The report was issued by the NRC, not the NSF, but the NSF apparently agrees because they paying for an overhaul of the AP curriculum based on the report.
Also, if you do a Google search for:
NSF criticism of AP curriculum
You see an overview of this as the second result. Also, I couldn't find this in that Alfie Kohn book, so I must have stumbled upon it in something I read around the same time.
"The AP and IB courses, while including some of the best education in the subject currently available at the secondary level, tend in general to be out of date, too broad, and too inflexible in their curricula."
So the argument the NRC is making is that the AP curriculum needs to be improved, but is currently some of the best available. In addition, the curriculum is being overhauled.
So what exactly is the problem with advocating increasing AB and IBO students when, even though there are problems, it's currently some of the best education available, and an overhaul to bring it in line with the NRC/NSF recommendations is underway?
First, "including some of the best education currently available" != "currently some of the best education available." What the report is actually saying is that a few components of the curriculum are good, but the courses overall suck. If you read the rest of the executive summary, it absolutely shits on the AP. This might be couched in academic language, but make no mistake about what they're saying.
Now obviously if the courses are made to be completely different then advocating them might not be a bad thing. But right now all that's happened is the NSF has given the college board a small amount of money to reform the curriculum, a process which just started this summer. Right now we have no idea if any changes were actually made, and if so what those changes are and whether or not they are really inline with the NRC & NCTM standards.
Anyway, all we know is that right now the president elect is advocating a curriculum that has kids going through the motions of science and math without actually learning the principles of either subject, and without learning what it means to think like a scientist or a mathematician. And these are just the science and math courses. There is every reason to think the other AP courses, the majority which are not being overhauled, are just as bad if not worse.
Further, even if the science and math courses are overhauled, there are still lots of problems with them. For example, the assessments are inauthentic and norm referenced, and there is no reason to think this is going to change.
E.g. calculus - it's the "hardest" high school math class, but it's the most basic and foundational college mathematics course.

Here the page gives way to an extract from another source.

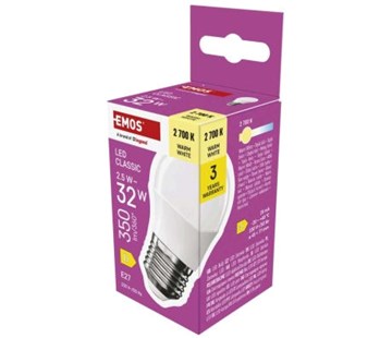 barva světla: teplá bílá|energetická třída: D|index podání barev (CRI): 80|náhrada za žárovku: 32 W|napětí: 230 V~/50 Hz|patice (uchycení žárovky): E27|počet čipů: neuvádí se|počet spínacích cyklů: 30 000|příkon: 2,5 W|prodejní obal: 1 ks, krabička|řada: CLASSIC|rozměr:

I took Calculus both at one of the top California non-magnet schools (AP Calculus) and a California community college (as well as took vector calculus and differential equations after transferring to a university). AP Calculus AB in high school in a way is "designed to be hard", people dropping the course, plenty of failing grades. It's the course for the "top of the class", the people "good in math". In college it's the course freshmen in any science major takes (at a community college it's the first course to be taken once the students complete remedial/"catch-up" math courses; at a university it's _the_ first math course in a math department other than finite math/statistics for humanities/social science majors).